I probably don’t need to tell you that I have done very little else in the last couple of weeks! Even reading much has been difficult, and while I wish I could say I’ve caught up on the host of tv shows I have to watch I haven’t even done that. My attention span got wiped out and I mostly watched YouTube with my kids!
The weather has started to turn and there has been so much melting, I’ve almost got a whole rack of seedling trays growing in the basement, much to my kids’ chagrin because I can’t lift anything and they’ve had to be filling and moving trays of dirt everyday. But I’m teaching them caregiving!
bits:
we again won’t talk about how much political stuff I’ve been reading.
As usual, Jane Barr has the best Meghan Markle insights. I have plenty of thoughts about it but I keep returning to my frustration of how she squanders every opportunity. If she wanted to leave the royal family because she wanted to be a political mastermind why did she not do that? Why did she not make a podcast that was actually good? Why didn’t she make an entire home goods line instead of five bottles of jam? Why make a knock-off Martha Stewart show about a country life that she seemed to so callously look down upon when trying to get out of the royal family? Her inauthenticity is born out of her inability to stick to any one thing.
This is a paid post, but I think one of the most intelligent renderings of what the reality of the Ukraine war situation is. Well worth the price of a subscription.
is so smart that I’m oftentimes jealous of how smart she is.While getting surgery really makes you think about your health, I also don’t think fear and anxiety in attaining perfect health is the answer either. I’ve noticed the stuffing down our throats about the perils of alcohol lately and it is so tiresome. This article makes good connections about our attitudes. We won’t even talk about my feelings on smoking. Are we to take the joy out of every part of life in the name of perfect health?! Modern life hates moderation.

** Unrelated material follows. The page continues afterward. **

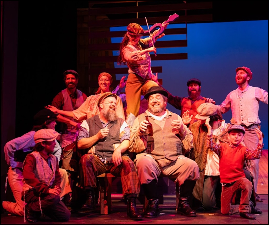 While PAP’s Fiddler is charming in so many ways, this reviewer found one character, Fiddler Eliya played by Chava Roy, a tiny bit tiresome as she repeatedly climbs up the stairway to a small balcony and then pretends to play on her “fiddle.”

reading, watching, what have you:
Not watching a lot! Gemma and I started watching Black Doves, then she of course was gone three nights in a row and we haven’t got past episode 2.

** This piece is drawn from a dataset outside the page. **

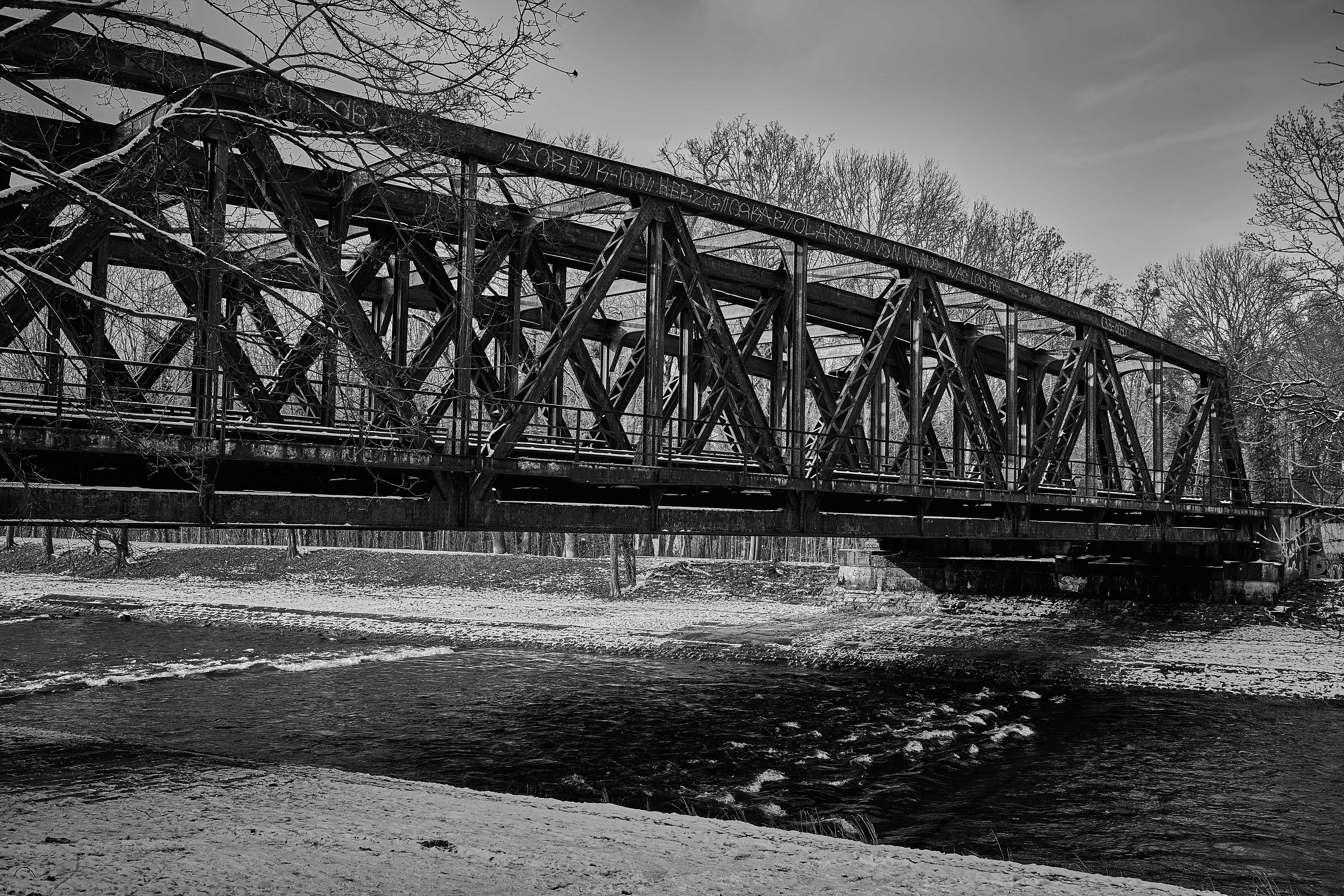 Alte Eisenbahnbrücke zwischen Deutschland und der Schweiz. Ziemlich guter Zustand, obwohl rostig und mit Patina.

Because it’s the last five months of winter right now and I am getting pathologically desperate for things to start growing, I’m watching a lot of gardening Youtube. If you’re at all interested in the life of flower farming this documentary has been so good.
I’ve started The Betrothed, and am reading it alongside
which helps so much in these really long, tough books. The audiobook is also helping me get through the slower parts. I like the challenge of reading a classic while at the same time not having it clog up my reading time completely, so slow reading really helps.

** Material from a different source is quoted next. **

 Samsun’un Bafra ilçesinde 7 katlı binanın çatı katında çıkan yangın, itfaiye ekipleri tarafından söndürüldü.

Ok, I’m off to drive kids around. I already have kids complaining I can’t drive them more places this weekend and I’m already exhausted by it! It’s a great cycle! I feel like I’ve been in the thick of lent for almost a month so I haven’t changed up too much, but I am trying to cut down on superfluous screen time, but if you’re giving up something or adding something unusual or weird I would love to hear about it!
at least I’m not on narcotics anymore,
Christy
"At least I'm not on narcotics anymore" is a superior sign-off. :) Godspeed to you as you continue the healing journey! I've got The Betrothed but haven't started it yet. I'm curious but also coming off of A Tale of Two Cities and may need a small break from dense classics before I give it a go.
I read the Betrothed a long time ago now, and remember feeling like it was a bit more meandering/ scattered(?) than I would have liked for a while until it all came together eventually.